Keywords: Bayes factors; confidence intervals (CIs); crisis of replicability; null hypothesis significance testing (NHST); p-values

Year: 2015 PMID： 25798124 PMCID： PMC4351564 DOI： 10.3389/fpsyg.2015.00245

Source DB: PubMed Journal: Front Psychol ISSN： 1664-1078

× No keyword cloud information.

Introduction

In a recent article, Cumming (2014) called for two major changes to how psychologists conduct research. The first suggested change—encouraging transparency and replication—is clearly worthwhile, but we question the wisdom of the second suggested change: abandoning p-values in favor of reporting confidence intervals (CIs) only in all psychological research reports. This article has three goals. First, we correct the false impression created by Cumming that the debate about the usefulness of NHST has been won by its critics. Second, we take issue with the implied connection between the use of NHST and the current crisis of replicability in psychology. Third, while we agree with other critics of Cumming (2014) that hypothesis testing is an important part of science (Morey et al., 2014), we express skepticism that alternative hypothesis testing frameworks, such as Bayes factors, are a solution to the replicability crisis. Poor methodological practices can compromise the validity of Bayesian and classic statistical analyses alike. When it comes to choosing between competing statistical approaches, we highlight the value of applying the same standards of evidence that psychologists demand in choosing between competing substantive hypotheses.

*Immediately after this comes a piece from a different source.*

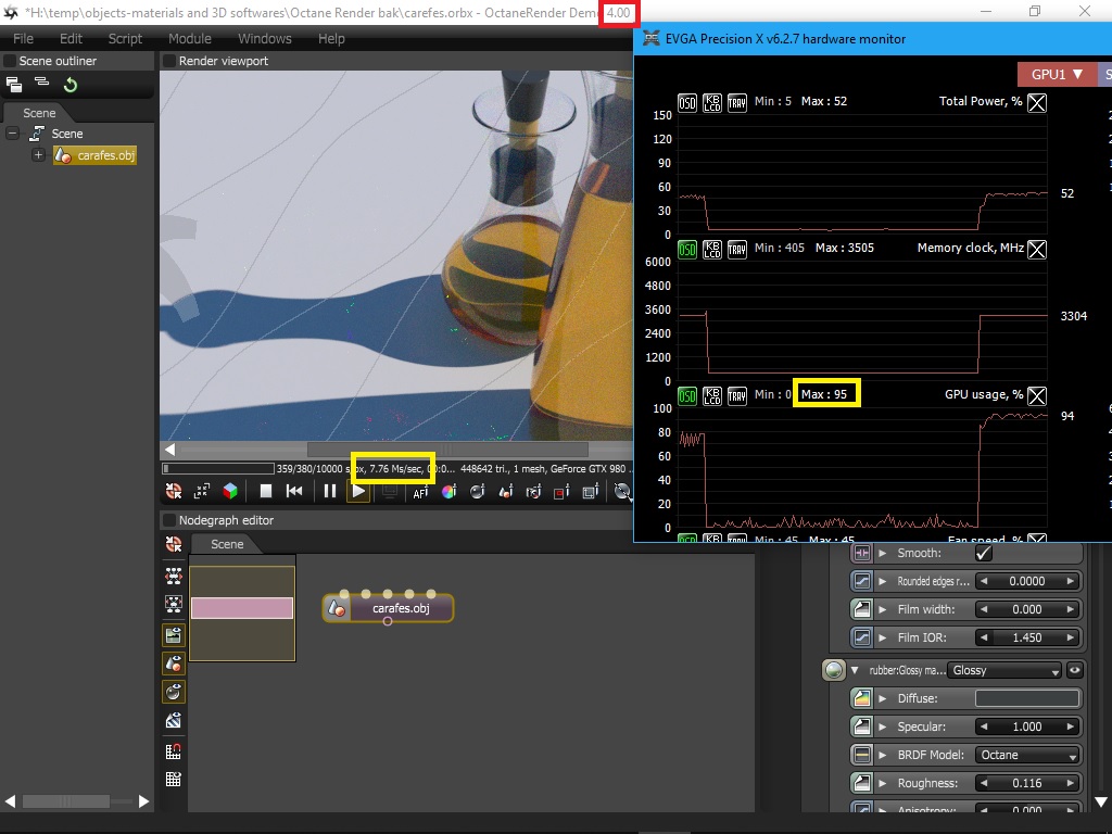 I tested "Carefes" scene at PMC kernel with "parallel samples" 1 on CPU [email protected] and on EVGA GTX 980 Ti SC+@stock with v416.16 driver running Windows 10 x64 build 17763.134
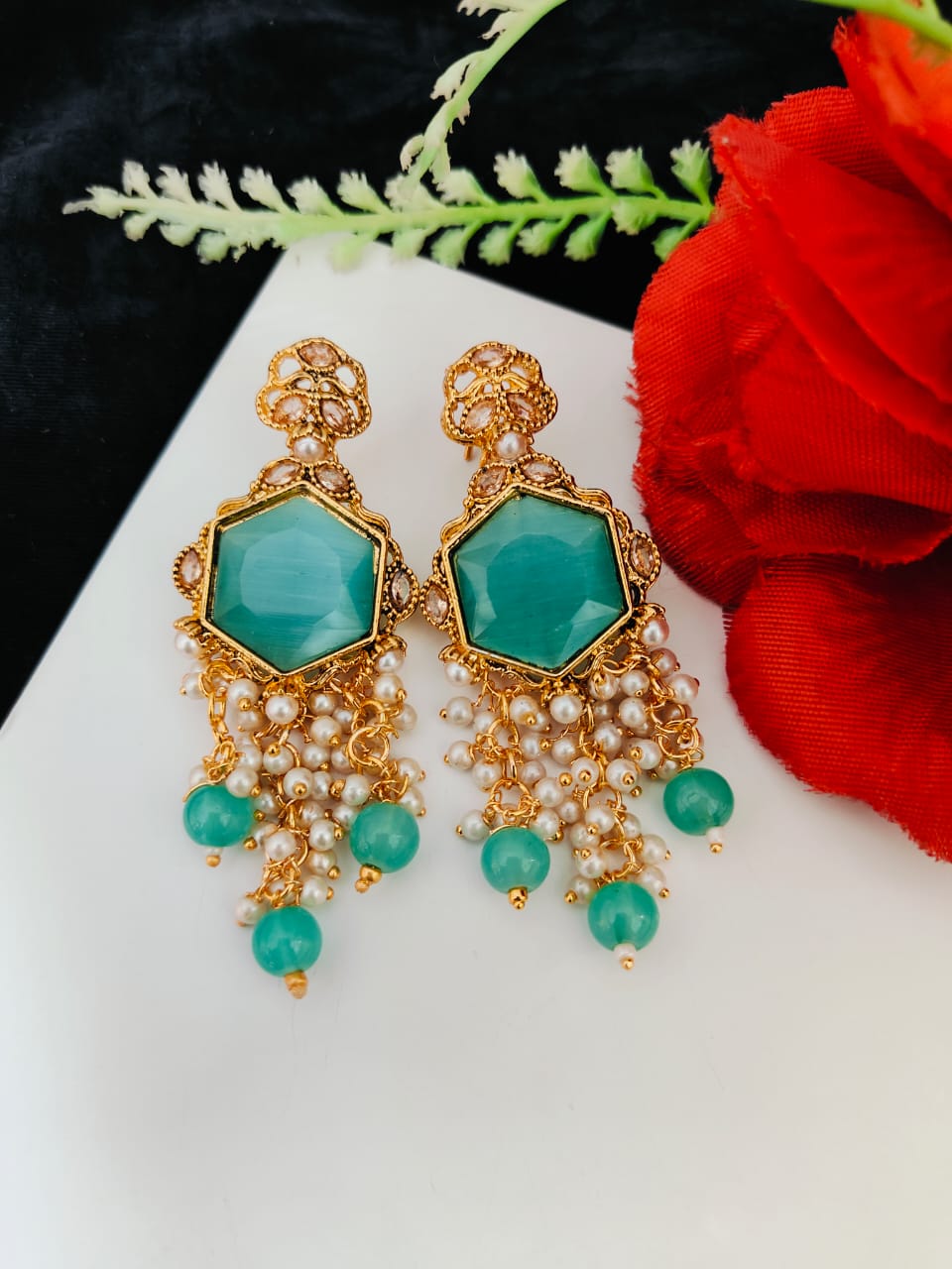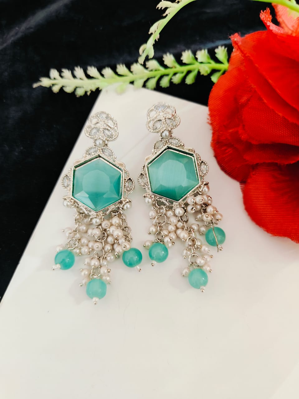 "These striking 3D big stone earrings are a bold statement piece, designed to captivate attention. Featuring oversized gemstones that exude elegance and luxury, each stone is meticulously cut to enhance its brilliance and dimension. The earrings boast a sleek, modern design, complemented by a high-quality metal finish, available in gold, silver, or rose gold tones. Perfect for formal occasions or to elevate everyday looks, these earrings combine timeless charm with contemporary style. Lightweight yet durable, they ensure comfort while making a dazzling impression."

Has the NHST debate been settled?

Cumming (2014) claims that “very few defenses of NHST have been attempted” (p. 11). In a section titled “Defenses of NHST,” he summarizes a single book chapter by Schmidt and Hunter (1997), which in fact is not a defense but another critique, listing and “refuting” arguments for continued use of NHST. Thus, graduate students and others who are new to the field might understandably be left with the impression that the debate over NHST has been handily won by its critics, with little dissent. This impression is wrong. Indeed, the book that published Schmidt and Hunter's (1997) chapter (Harlow et al., 1997) included several defenses (e.g., Abelson, 1997; Mulaik et al., 1997), and many contributions with more nuanced and varied positions (e.g., Harris, 1997; Reichardt and Gollob, 1997). Defenses have also appeared in the field's leading peer-reviewed journals, including American Psychologist (Krueger, 2001, with commentaries) and APA's quantitative psychology journal Psychological Methods (Frick, 1996; Cortina and Dunlap, 1997; Nickerson, 2000). Nickerson (2000) provided a particularly careful and thoughtful review of the entire debate and concluded “that NHST is easily misunderstood and misused but that when applied with good judgment it can be an effective aid to the interpretation of experimental data” (abstract). Perhaps the most famous critique of the use of NHST in psychology (Cohen, 1994), published in the American Psychologist, has seen several defending commentaries (Baril and Cannon, 1995; Frick, 1995; Parker, 1995), plus a lengthier retort (Hagen, 1997). We do not believe that the debate about the appropriate use of NHST in psychology has been decisively settled. Further, the strong NHST-bashing rhetoric common on the “reformers” side of the debate may prevent many substantive researchers from feeling that they can voice legitimate reservations about abandoning the use of p-values.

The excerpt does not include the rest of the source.